Closed messi101-ml closed 1 month ago
@messi101-ml , I am currently facing this same issue.
hi @messi101-ml @Erua-chijioke i'm working on looking into this issue now!
hello @messi101-ml, @Erua-chijioke
it seems like this line batch = batch_definition.get_batch(batch_parameters)
is what is causing the error. can you try updating it to batch = batch_definition.get_batch(batch_parameters=batch_parameters)
here is my working example:
import great_expectations as gx
from pyspark.sql import SparkSession
csv = "/../../../TestData/us_airline_fares.csv"
spark = SparkSession.builder.appName("Read CSV").getOrCreate()
dataframe = spark.read.csv(csv, header=True, inferSchema=True)
context = gx.get_context()
data_source_name = "my_data_source"
data_source = context.data_sources.add_spark(name=data_source_name)
data_source = context.data_sources.get(data_source_name)
data_asset_name = "my_dataframe_data_asset"
data_asset = data_source.add_dataframe_asset(name=data_asset_name)
data_asset = context.data_sources.get(data_source_name).get_asset(data_asset_name)
batch_definition_name = "my_batch_definition"

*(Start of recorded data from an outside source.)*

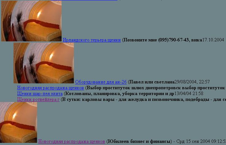 В этом объявлении опять щенки и есть имейл esya1978@mail.ru По имелу находится объява про ремонт тачки от какого-то Максима. Сутер? Макс, ты атчот наваял? :-) Также находим другие фотки на http://www.sosulka.ru/meet/view.php?id=2896 Не очень похоже, но может быть она же. Также всплывает еще один телефон и еще одна фея, но в целом по всем мнение отстойное (http://sextalk.ru/phsearch.php?phone=9168120828).
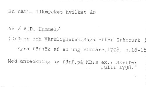 En natt- likmycket hvilket år //// Av / A.D. Hummel //// /(Drömen och Värkligheten.Saga efter Grbcourt Fyra försök af en ung rimmare,1798, s.10-1 //// Med anteckning av förf.på KB:s ex.: Skrifw: //// Julii 1798."
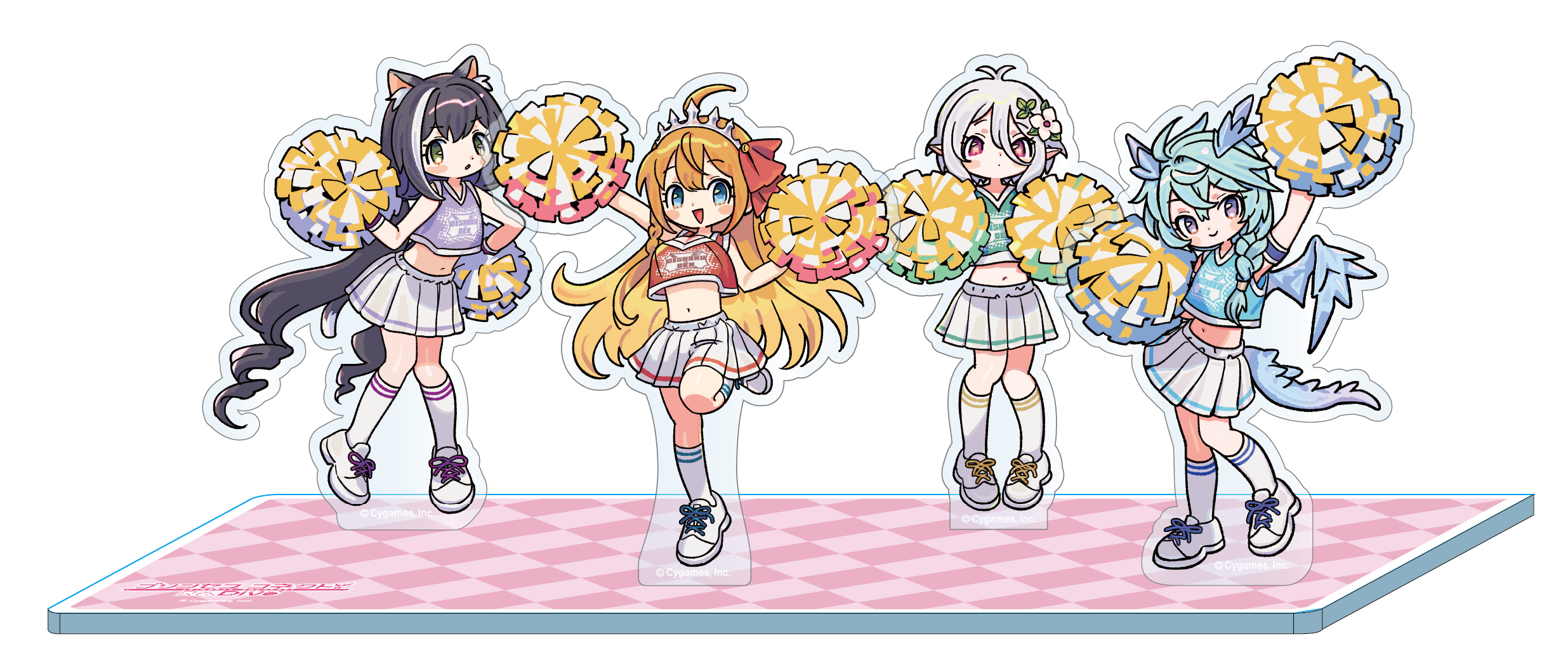 このスペシャルコラボのために描き起こされたチアガール衣装の【美食殿】の4人が各種グッズになって登場です!
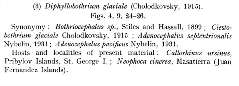 | Scientific Name Notes | Rausch et al. (2010) concuded that the cestode described by Cholodkovsky was indeed a species of Bothriocephalidae, and consider that the fragment of strobila studied by him was probably the remains of a cestode from a fish that had been recently eaten by the seal. |
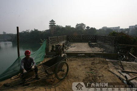 龍州起義鐵橋保衛(wèi)戰(zhàn)舊址項(xiàng)目施工現(xiàn)場(chǎng)。
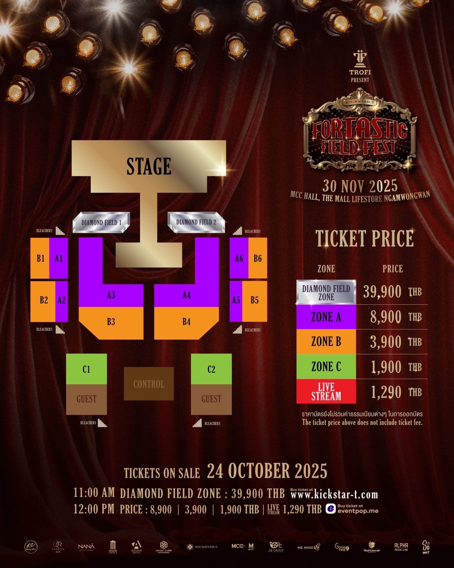 เวลา 12:00 น. เปิดขาย Zone A 8,900 บาท, Zone B 3,900 บาท, Zone C 1,900 บาท

batch_definition = data_asset.add_batch_definition_whole_dataframe(
batch_definition_name
)
batch_parameters = {"dataframe": dataframe}
batch = batch_definition.get_batch(batch_parameters=batch_parameters)
print(batch.head())
I also noticed that when using newer Spark versions the dataframe is imported from SQL Connect and the isinstance check is failing at this line of code
df = spark.read.table("tablea")
from pyspark.sql import DataFrame
isinstance(df, DataFrame)
Output: False
df = spark.read.table("tablea")
from pyspark.sql.connect.dataframe import DataFrame
isinstance(df, DataFrame)
Output: True
Hello @adeola-ak what version of spark are you using to run that code?
Hi @@adeola-ak batch = batch_definition.get_batch(batch_parameters=batch_parameters) does not work. My spark version is 3.5.0 0.As rahul-s-20 pointed out newer Spark versions the dataframe is imported from SQL Connect and the isinstance check is failing
"It is throwing same error. 229 raise BuildBatchRequestError(message="options must contain exactly 1 key, 'dataframe'.") 231 if not isinstance(options["dataframe"], DataFrame): --> 232 raise BuildBatchRequestError( 233 message="Can not build batch request for dataframe asset " "without a dataframe." 234 )"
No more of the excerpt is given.